You realized that, if all of the numbers were palindromes (same numbers as the original ones if read backwards), you would have to remember a bunch of 3-digit numbers, which did not sound that bad (at the time).

In order to generate your password of N numbers, you get a list of N randomly generated 6-digit numbers and find the palindromic number closest to them.

Of course, you would like to automate this process...

Input
The first line of the input contains a single positive integer N≤1000 indicating the number of six-digit numbers in the input. Each of the next N lines contains a six-digit number without leading zeroes.

Output
For each six-digit number in the input, output another six-digit number that is closest to it and is also a palindrome. “Closest” in this context means “a number having the smallest absolute difference with the original number”. If there are two different numbers satisfying the above condition, output the smaller one of the two. Remember, no leading zeroes.
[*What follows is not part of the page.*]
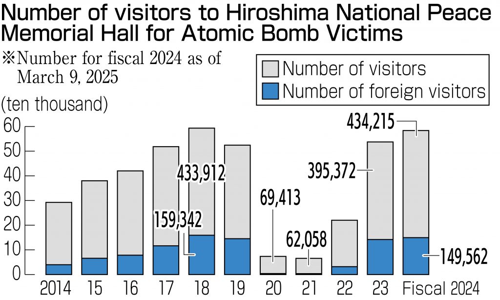 The Hiroshima National Peace Memorial Hall for the Atomic Bomb Victims, located in the city’s Naka Ward, announced March 10 the number of visitors to the hall in fiscal 2024, which ends at the end of this month, had reached 434,215 as of March 9, the highest number since the hall opened in fiscal 2002. As factors behind this increase, the hall cited a sense of crisis that peace is being threatened by an unstable world situation and the summit of the Groups of Seven industrial nations held in Hiroshima in 2023.
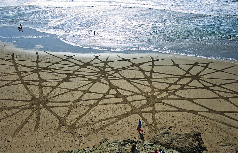 據英國媒體7月27日報道,藝術家Andres Amador用耙子在沙灘上作畫,眾多中心對稱的幾何圖形,不在乎是否能長久保留,但求被海浪帶走前與大自然的完美融合。

Sample Input 1    Sample Output 1
2
123321
123322
123321
123321
题意：长度为6的数字，求最接近他的回文数

思路: 贪心，数字abcdef 取前三位数字abc，然后abc 本身abc+1  abc-1，让这3个回文后减去abcdef。

#include <iostream>
#include <cstdio>
#include <cstring>
#include <string>
#include <algorithm>
#include <map>
#include <set>
#include <cmath>
#include <queue>
const int MAXN=1e6+5;
const int P=99991;
typedef long long ll;
using namespace std;
char s[105];
int a[105];
struct node
{
    int re;
    int num;
    int id;
    int sum;
}c[105];
int cal(int n)
{
    int sum=0;
    while(n){
        sum=sum*10+n%10;
        n=n/10;
    }
    return sum;
}
bool cmp(node a,node b)
{
    if(a.sum!=b.sum)
      return a.sum<b.sum;
    else
      return a.re<b.re;
}
int main()
{
    int t,n;
    scanf("%d",&t);
    while(t--){
       scanf("%s",s);
       int len=strlen(s),sum=0;
       for(int i=0;i<len;i++){
        a[i]=s[i]-'0';
        sum=sum*10+a[i];
       }
        c[1].num=a[0]*100+a[1]*10+a[2];
        c[2].num=c[1].num+1;
        c[3].num=c[1].num-1;
        for(int i=1;i<=3;i++){
            c[i].id=i;
            c[i].re=c[i].num*1000+cal(c[i].num);
            c[i].sum=abs(c[i].re-sum);
        }
        sort(c+1,c+4,cmp);
        printf("%d\n",c[1].re);
       }
    return 0;
}